Resumo: O presente texto visa discutir a relação entre a ciência e a religião a partir de dois regimes de verdade construídos pela sociedade moderna e a distinção entre as coisas de deus e as coisas dos homens sem com isso adentrar nas discussões acerca das teorias da secularização. Sobretudo, o que se busca é pensar numa nova epistemologia e modo de pensar o social que escapa das amarras das ciências sociais e das teorias da secularização em prol de uma nova perspectiva de análise e modos de interpretar a realidade.
Palavras-chave: Ciência, Religião, Regimes de Verdade, Refundação do Social.
Abstract: The present paper aims discusses the relation between science and religion by the optica of two regimes of truth constructed by modern society. Also seeks to discuss the distinction between the things of God and the things of men without delibarate about secularization theories. Most of all, what is sought is to think a new epistemology and way of thinking the social that escapes the bonds of social sciences and secularization theories in favor of a new analysis perspective and ways to interpret the reality.
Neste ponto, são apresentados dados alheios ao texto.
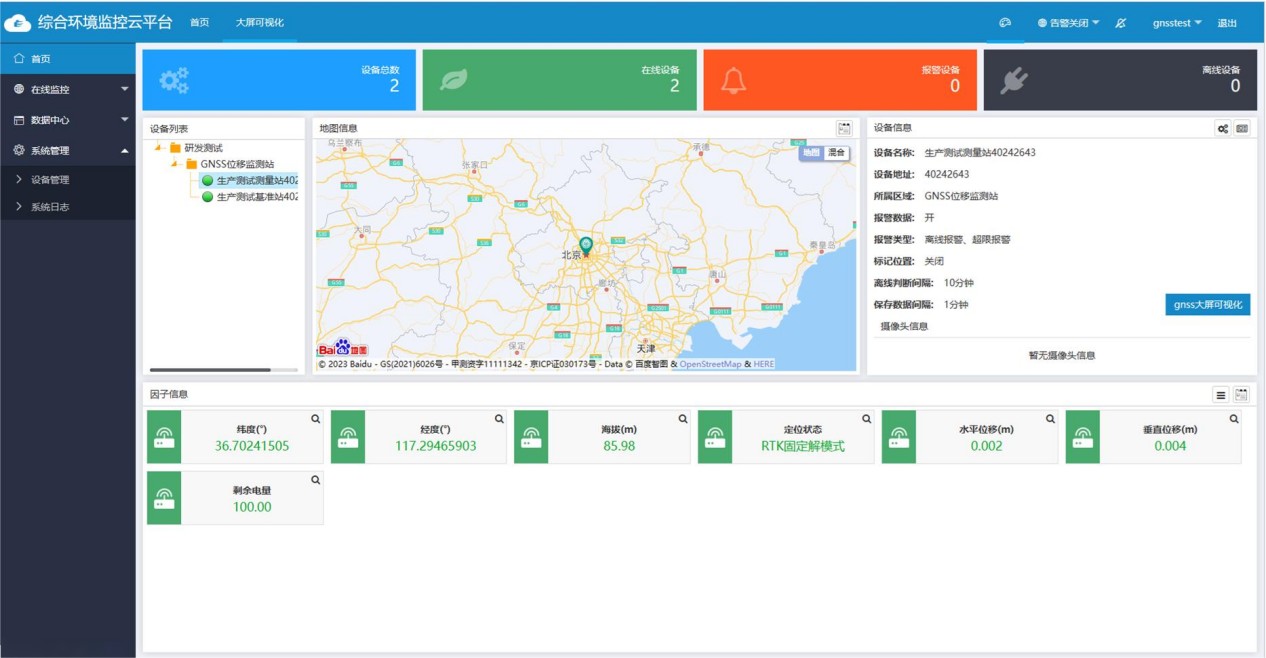 GNSS形变监测预警系统由GNSS位移监测站(包括基准站和测量站)、差分定位信息解算服务器以及综合环境监控云平台组成,主要为边坡、大坝、桥梁、基坑 等容易倾斜、位移或者形变的场所提供实时安全监测及预警服务。系统采用高度集成的一体化设备GNSS位移监测站,实时监测所在区域的地质情况并实现自动 报警。通过差分定位信息解算服务器整合分析各监测点数据,掌握整个地质情况,并及时进行排险调度。相关管理人员可借助该系统做到常监测、早预警、早 准备,对可能因倾斜、位移或者形变出现地质灾害的地方做出相应的安排处理,减少地质灾害发生的几率,同时对邻近区域的群众做好预警疏散工作,以减少 群众的经济损失、保障群众的人身安全。

Key-words: Science, Religion, Regimes of Truth, Refoundation of Social.
Article
CIÊNCIA E RELIGIÃO: POR UMA EPISTEMOLOGIA DO SOCIAL A PARTIR DO BÓSON DE HIGGS
SCIENCE AND RELIGION: TOWARDS AN EPISTEMOLOGY OF THE SOCIAL FROM THE HIGGS BOSON
O que “deus” e o “elétron” têm em comum? Essa é uma pergunta, até certo ponto, bastante singular e que coloca em xeque todo um modo de vida fundado na separação entre as coisas de deus e as coisas dos homens. Movimento esse que separa o secular do não secular, que laiciza o Estado e a Justiça, mas também funda todo um modo de vida baseado em dois paradigmas bastante diversos.
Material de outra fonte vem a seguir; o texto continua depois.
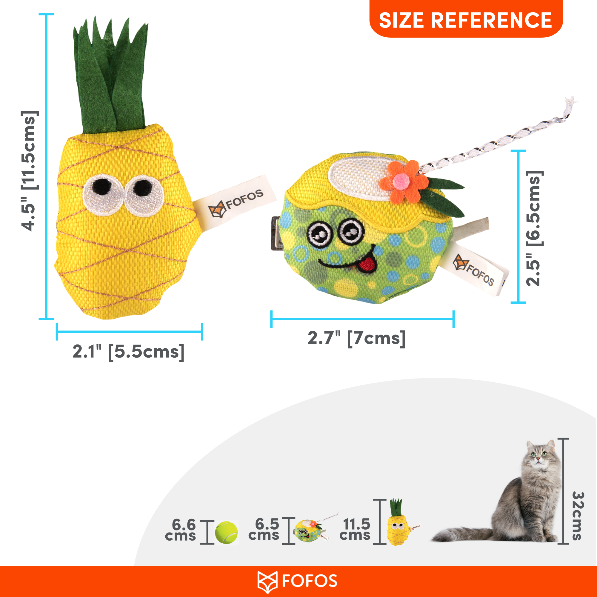 Catnip is a plant related to mint and contains an essential oil called nepetalactone that is known to cause euphoric, calming, and relaxing effects on cats. Catnip in small doses is completely safe, non-addictive for your kitten as the effects last about 10 mins for most cats. Fofos summer cat toys (juice and pineapple) are cute cat playing toys filled with imported US grade catnip dried leaves and grass powder. These Interactive toys allow your cat to chew, swat,nip, play,and even promote harmless biting and scratching. Fun engaging cat toys give your cat a mouse chase-like feeling ensuring good physical stimulation while the catnips give them a calm and relaxing experience. Ideal for small pet kittens above 6 months of age as well as for older cats of Persian and other breeds as well.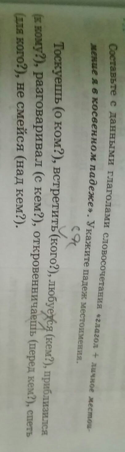 Тоскуешь обо мне(Пр.п.),встретить меня(Р.п.),любуется мной(Тв.п.),приблизился ко мне(Пр.п.),разговаривал со мной(Пр.п.),откровенничаешь передо мной(Пр.п.),спеть для меня(Пр.п.),не смейся надо мной(Пр.п.)

Um secular, fundado na ciência e na existência do elétron, outro, não secular, fundado na religião e na existência de deus. Um secular que disciplina corpos ( FOUCAULT, 2000; 1999; 1997; 1996; BOURDIEU, 1999), reproduz modos, estilos de vida e práticas culturais ( BOURDIEU, 2007; 2003; 1964). Outro não secular, pautado na fé e em determinados preceitos morais que operam distinções entre o bem e o mal, o certo e o errado, o que é ético e o que se pode ou não fazer ( ROUSSEAU, 1995; 1978a; 1978b, KANT, 2007; 1999).
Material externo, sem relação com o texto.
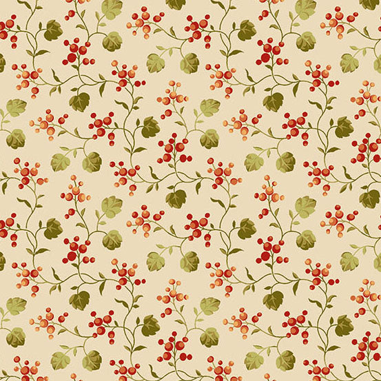 Ce tissu fait parti de la collection "autumn woods" de Renée NANNEMAN. Collection aux tons chauds et motifs d'automne. Cet imprimé, grappe de groseilles sur fond écru existe en deux autres versions sur fond jaune/ocre et sur fond marron.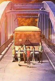 | 30 people using online pseudonyms gather on a single bus to head to the mysterious Nanaki Village to start a new life or escape from their old one. After getting annoyed by Valkana, the bus driver snaps and threatens to crash the bus and commit group suicide until Masaki pukes on his uniform. At a rest stop, a woman named Koharun appears to guide the bus group to a bridge shrouded in fog that supposedly leads to the village. | |||
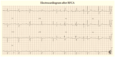 A 59year-old Fars male presented to our Emergency Department of Sayyad Shirazi Hospital, Golestan University of Medical Sciences, Northern Iran, with complaints of retrosternal chest pain and diaphoresis. He was a known case of systemic essential hypertension diabetes mellitus. Patient had not been received any treatment while presentation. His blood pressure detected as 163/91mmHg with pulse rate of 42/minute. Atropine was injected then he was immediately transferred to Coronary Care Unit (CCU). With more examination in CCU, his blood pressure was detected as 160/90mmHg, with pulse rate of 73/minute and cardiac auscultation revealed no significant finding; all other examinations were unremarkable. Patient’s first electrocardiogram showed heart rate of 78/min, PR interval of 253milli-sec, and QRS duration of 144milli-sec with mean QRS axis which was 264°. ECG showed as trifascicular block i.e. first degree atrioventricular (AV) block, right bundle branch block (RBBB), left anterior fascicular block (LAFB). His random blood sugar was 351mg/dl. He had experienced two episodes of Stokes Adams attack following which isoprenaline drip was initiated. Management of acute coronary syndrome begined for him as well. ABG reported metabolic acidosis with compensatory respiratory alkalosis and hyperkalemia (pH 7.35, pCO2 19.2 mmHg, bicarbonate 10.7mmol/L, S. Na+ 132mmol/L and S. K+ 7.3mmol/L). Laboratory results showed leukocyte count of 15300/mm3, hemoglobin of 6.1g/dl, with hematocrit of 21.4%. His serum creatinine was 4mg/ml with blood urea of 95.8mg/dl. Anti-hyperkalemic measures (including calcium gluconate, kayexalate, and insulin and albuterol nebulization) were immediately launched and our patient underwent urgent hemodialysis; packed cell was transfused carefully. On the second day, hyperkalemia and acidosis were improved (S. K+ 4.1mmol/L, pH: 7.52, pCO2: 37.4mm of Hg, HCO3: 28.8mmol/L). His ECG on the second day indicated the heart rate of 85/min, PR interval of 136 millisec, and QRS duration of 103 millisec with mean QRS axis -52.5°. His ECG (Figure 1A) was diagnosed as LAFB; so AV block- first degree- and RBBB were improved after correction of hyperkalemia. CPK-MB and Troponin-I were measured to rule out coronary artery disease (CAD); CPK-MB was 1.3IU/L and Troponin-I was 0.1ng/ml. His 24hour Holter-monitoring showed ventricular pause up to 17seconds during syncopeepisodes (Figure 2B). At the time, a temporary pacemaker was implanted. Radiofrequency catheter ablation (RFCA) with bidirectional cavo-tricuspid isthmus block of atrial flutter was done. After RFCA, the ECG showed marked first-degree AV block and bifascicular block (RBBB and LAFB) and (Figure 1C); the 24hour Holter specified an alternating second-degree AV heart block. Owing to frequent episodes of symptomatic high-degree AV block, permanent DDD type of pacemakerwas implanted for him (Figure 1D). His siblings’ ECGs presented trifascicular block and their pedigree indicated an inheritance of autosomal dominance as well. Two-Dimentional echocardiography was unremarkable with LVEF 62%. He was discharged after 5days of admission.

Neste sentido, apesar dos esforços da ciência moderna em separar as coisas dos homens das coisas de deus a partir da distinção entre ciência e fé, onde a primeira pautada na experimentação produz verdades e, a segunda, a partir da crença em determinados dogmas, tem-se que aos poucos essa relação vai sendo colocada em xeque tanto pela linguística quanto pela filosofia e não por aqueles que se ocupam das diferentes teses acerca da secularização/dessecularização do mundo.
No âmbito da linguística, tal desconstrução se opera em termos discursivos a partir da observação de que as categorias deus e elétron, do ponto de vista linguístico e da produção do discurso, ocupam o mesmo lugar semântico de modo que, apesar de não termos nenhum registro da existência de deus - a exceção dos escritos canônicos - e, também da existência do elétron - a exceção dos artigos científicos que apontam a existência de uma partícula de carga negativa que, teoricamente, se encontraria numa dada camada spin 1, mas que pode ou não estar ali - tem-se então que, dois mundos e modos de vida bastante diversos são construídos.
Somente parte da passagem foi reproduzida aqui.